Closing the Third-Party Identity Gap: Practical Strategies to Reduce Risks and Strengthen Security

Third-party access stopped being a back-office IAM (Identity and Access Management) problem the day it became the front door for attackers. Contractors, vendors, service engineers, and SaaS integrators now outnumber employees in many environments, and they arrive with their own devices, identity providers, and timelines. That mismatch is the gap.

Cyber-attacks are increasingly identity-based, and the extended workforce is accelerating the exposure. Recent analysis puts the contractor ratio up 48% (roughly one contractor for every five employees), with 90% of businesses planning to maintain or increase that mix. In the past 12 months, 59% experienced a data breach caused by a third party.

The mechanics are familiar: a digital identity averages 5 to 15 accounts, and non-employees multiply that with duplicate or temporary accounts. Those accounts often get elevated, untailored privileges because the project needs to move. The result is over-provisioned access that lingers after contracts end. One global financial firm found over 60% of third-party VPN accounts still active months after termination, not from malice but from missing lifecycle signals. 

Legacy models weren’t built for this velocity. Traditional IAM treats third parties like employees with longer onboarding, while the business treats them like temporary collaborators who need access today. That is why 59% of organisations report breaches tied to over-permissioned third-party identities. 

FIVE PRACTICAL CONTROLS TO MANDATE NOW

1. Establish a trusted third-party identity inventory
Create a centralised source that integrates with IAM, PAM, SIEM, and procurement. Define a distinct schema for non-employees with sponsor, contract end date, and risk tier. Prioritise cleansing for high-risk systems first.

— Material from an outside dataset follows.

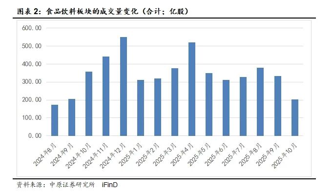 本期,食品饮料板块录得跌幅。酒水板块的表现对整体拖累较大,预制食品、保健品、烘焙等食品板块上涨。2025年10月,食品饮料板块成分区间涨跌幅为-0.58%,白酒、啤酒、软饮料、调味品等下跌,对板块的整体表现形成拖累。10月,食品饮料板块的成交量合计203.52亿股,环比9月减少130.34亿股,成交量环比大幅回落,较4月成交量高点减少318.71亿股。

2. Bind every session to a verifiable person and eliminate shared accounts
Require individual accounts for all external users. Federate to the vendor’s identity provider where possible. Enforce strong authentication such as passkeys or certificate-based authentication and MFA for every remote session. Remove default and shared credentials completely.

3. Automate least privilege and just-in-time access
Move beyond annual reviews. Monitor actual usage continuously, grant time-bound access linked to a work order or ticket, and revoke automatically on expiry or inactivity. Shift from static roles to attribute-based controls that consider context and risk.

4. Treat lifecycle as a security control
Embed the joiner-mover-leaver for non-employees into procurement and vendor management. Require quarterly attestation by the business owner based on usage data, not spreadsheets. Test your kill switch quarterly and retain evidence.

5. Integrate, do not duplicate

Stop issuing corporate email, VDI, and collaboration licences to vendors by default. Use federation, SSO, and native guest access. Secure the specific applications and data they need, which reduces identity sprawl, cost, and audit complexity.

METRICS CISO SHOULD DEMAND BY NEXT QUARTER

  • Percentage of third-party accounts with a named sponsor and documented end date: target 100%
  • Proportion of external sessions using individual, MFA-protected identities: target 100%
  • Number of active vendor accounts with zero usage in 90 days: target zero
  • Mean time to disable all access for a given third party: target under 10 minutes
  • Third-party access rights reduced through usage-based reviews: track month on month

Closing the gap is not a tool purchase. It is a data-led programme that aligns identity governance, procurement, and security operations around one principle: every external access decision must be visible, attributable to a real person, and reversible on demand.